Working with Regular Expression to fetch PO Number

Hi Folks,

I am new to UiPath / Regular Expressions. If anybody can help, would highly appreciate.
Customers send their orders in pdf which I am converting to text and trying to extract the PO Numbers…all customers have their own way of sending the PO Numbers.

Below is my RegEx
(P.O. NUMBER|P/O Number|Purchase Order No.|P.O. NUMBER|PURCHASE ORDER NO.|PURCHASE ORDER NO|PO Number|Purchase Order|P.O.|PO\W)(?!.Box|BOX)(?!.Total|TOTAL)(\s?#?:?\s?)(.+)

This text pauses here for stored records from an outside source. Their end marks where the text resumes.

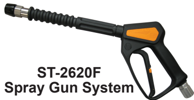
ST-2620F Spray Gun System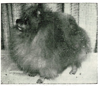
ch. Millamor's Fancy Gold Dancer Sire of a champion with several others on their way.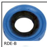
RDE-B Rondella di tenuta Hygienic Usit®, Stainless steel - EPDM blu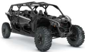
X ds ● Turbo RR ● Turbo RR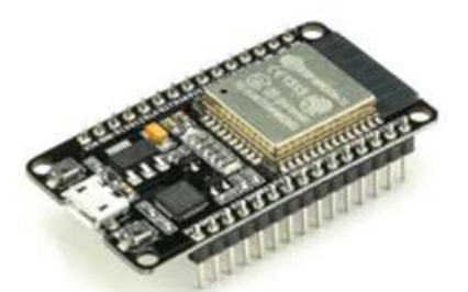
ESP32 is a low-powermicrocontroller having Wi-Fi and dual-mode Bluetooth, making it suitable for designing and prototyping IoT solutions.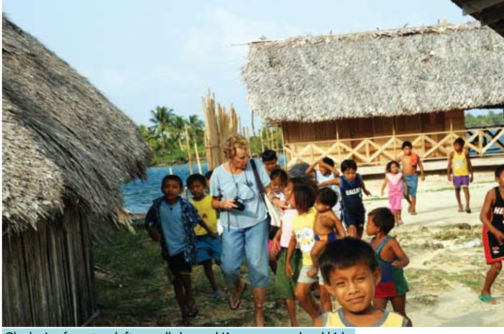
Clockwise from top left: a well-dressed Kuna woman; local kids following the pied-piperish author; molas, molas, everywhere!

But civilization, in the form of ever-increasing cruising boats and tourism—coupled with the mola's near-universal appeal—has trans-

1st Group – P.O. NUMBER|P/O Number etc. filters text starting with PO Number etc.
2nd & 3rd Group – (?!.Box|BOX)(?!.Total|TOTAL) - should not select PO Box or PO Total
4th Group - (\s
?#?:?\s
?) - Any special character after PO Number like PO Number # or PO Number :
5th Group - (.+) - Anything after the special characters, actual PO Numbers - 1234

Issue is - this Regular Expression is filtering few words - PROX / PADUCAH / PAOUCAH

These words are present in pdf files but not sure why are these getting selected.

Thanks in advance if somebody can help.

Regards,
Sushil

Here is how the lines look like

image

image

Can you provide the sample input for this?
Like from which statement in PDF what exactly you want to extract? That would help to debug your regex.

I am passing each line of pdf (one at a time) into the RegEx expression. So the input of RegEx is nothing but a text line which I showed in the screenshot above. In text format - below are the lines…

CITY NAME, STATE 40051 * PAOUCAH, STATE H2003 *
PREPAID/ALLOWED 2% 10 PROX NET 45 DAYS

you just need to extract H2003?

Ohh I was extracting text like PO Number: 123 or P/O No. #356.
All those PO Numbers were getting selected but some extra words were also getting selected like I mentioned - PROX / PAOUCAH etc.

Figured it out after spending whole day in it :frowning:
Thanks for the revert though
Still testing the modified RegEx
All it needed was a backslash "" wherever there was a dot “.” in Group 1
Below is the new RegEx
(P.O. NUMBER|P/O Number|Purchase Order No.|P.O. NUMBER|PURCHASE ORDER NO.|PURCHASE ORDER NO|PO Number|Purchase Order|P.O.|PO\W)(?!.Box|BOX)(?!.Total|TOTAL)(\s?#?:?\s?)(.+)

1 Like

Backslash doesnt get shown in the typed text here

1 Like

Can you help me? I also want to extract PO number.